Segmentation is an important part of the image processing. It allows extracting a region of interest and reduces the analysis of time. Its objective is to convert an image from grayscale to a binary one, there are several methods that according to their application can be used. These methods are classified in discontinuity that they are based on intensity changes, and they are similarly partitioned into regions with certain criteria of similarity [18]. This investigation focuses on segmentation by histogram thresholding. In [19] the following steps are defined for this method:

1) Estimate an initial threshold to segment the image for creating two sets: object and background.

2) Calculate the average value of each set.

3) Obtain a new threshold from the average values calculated:

$T=\frac{{\mu}_{1}+{\mu}_{2}}{2}$ (7)

where, µ_{1} and µ_{2} represent the average value of each set and T is the threshold calculated.
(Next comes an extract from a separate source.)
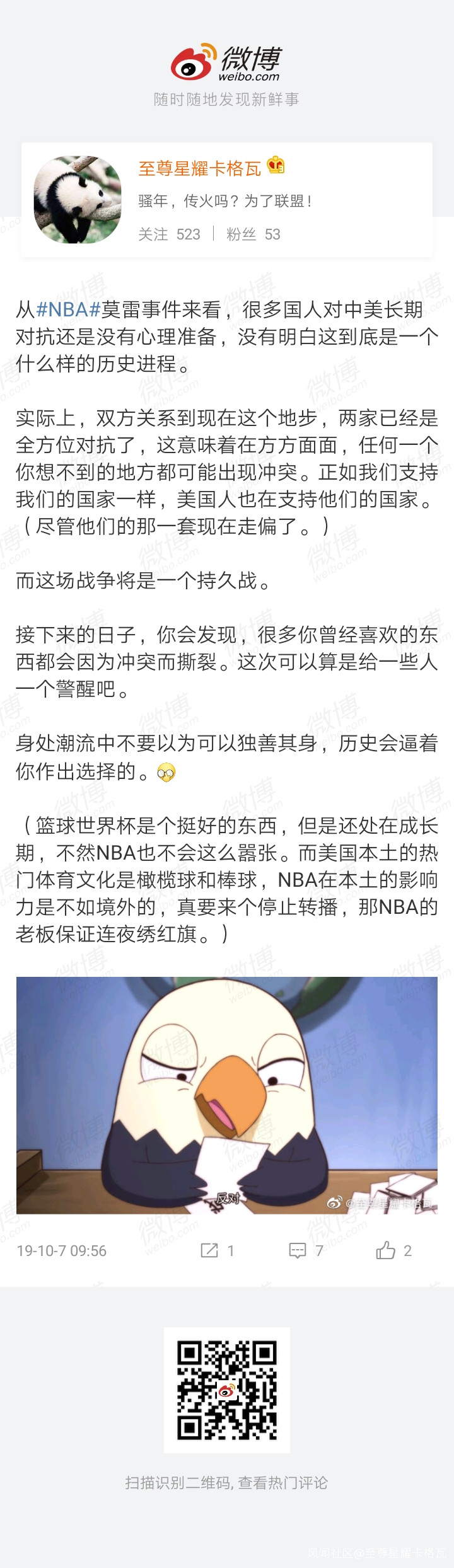 就NBA莫雷言論以及引發的後續影響,貼三則個人看法_風聞

4) Repeat previous steps using the new threshold calculated until convergence has been reached.

2.3. Convex Hull Method

The convex hull method is used in several applications like interferometric measurements [20], object tracking [21], disaster forecasting [22], gesture recognition [23], rendering model [24], in others. The objective of applying this method in this stage is to generate a unique binary object. For that purpose, a quick hull is going to be used that is then based on a divided and conquered approach which is similar to a quicksort [25]. The steps to apply are shown below.

1) Determinate the points P1 and P2 with minimum and maximum coordinates.

2) Draw the line between P1 and P2 to divide the set into two subsets points.

3) Determine a point (P3) of one of the subsets with maximum distance in respect from the segment P1 and P2.

4) Draw new segments from P3 points to P2 and P1 points.

5) Eliminate the points inside of the triangle formed by P1, P2, and P3.

6) Repeat the above steps using the new segments formed by P1 and P3, P1 and P2 until no points are left.

3. Methodology

In the first step, the image is acquired by a thermographic camera in which a high rainbow palette was used, and the image was transformed from RGB color space to HSV color space (see Figure 1). In which, the gray intensities tend to be clustered in the lower and upper classes, which are translated into low and high temperatures around of 200˚C and 1500˚C respectively. The problem to use the red, and blue components of RGB model is that they reflect high temperatures in the inner and external walls of refractory or combine the liquid metal and the inner wall with minimal values of intensity.

In case of the green component, the difference between the furnace wall and the liquid metal can be seen, but when it is observed in the histogram of Figure 2. It shows minimal values in high temperatures, in comparison with the Hue

Figure 1. Channel decomposition of the RGB and HSV color spaces. Source: Own elaboration.

Figure 2. Distribution of frequencies in: (a) Green component, (b) the Hue component. Source: Own elaboration.

component of HSV. For this reason, HSV model is used, also this step is going to allow a simpler process segmentation.

In the next step, the image is processed with the Discrete Fourier Transform (DFT), in which a low-pass filter is applied to intensify the gray levels and the Inverse Discrete Fourier Transform (IDFT). This technique helps to visualize the texture of slag of the other textures, also, it helps to select an adequate threshold to segment the image (see Figure 3).

As the next step, the histogram is obtained to establish a threshold and binarize the image. The threshold selection using histogram allows to segment the slag from the liquid metal. After that, the binary large objects (blobs) are removed using mathematical morphology (MM) in this case the erosion. The resulting objects are features from slag that allow retrieval of the shape of the liquid metal. Now, these features will be processed to generate a unique binary object, in this step the convex hull is applied, although the blob got does belong to the partial area of liquid metal.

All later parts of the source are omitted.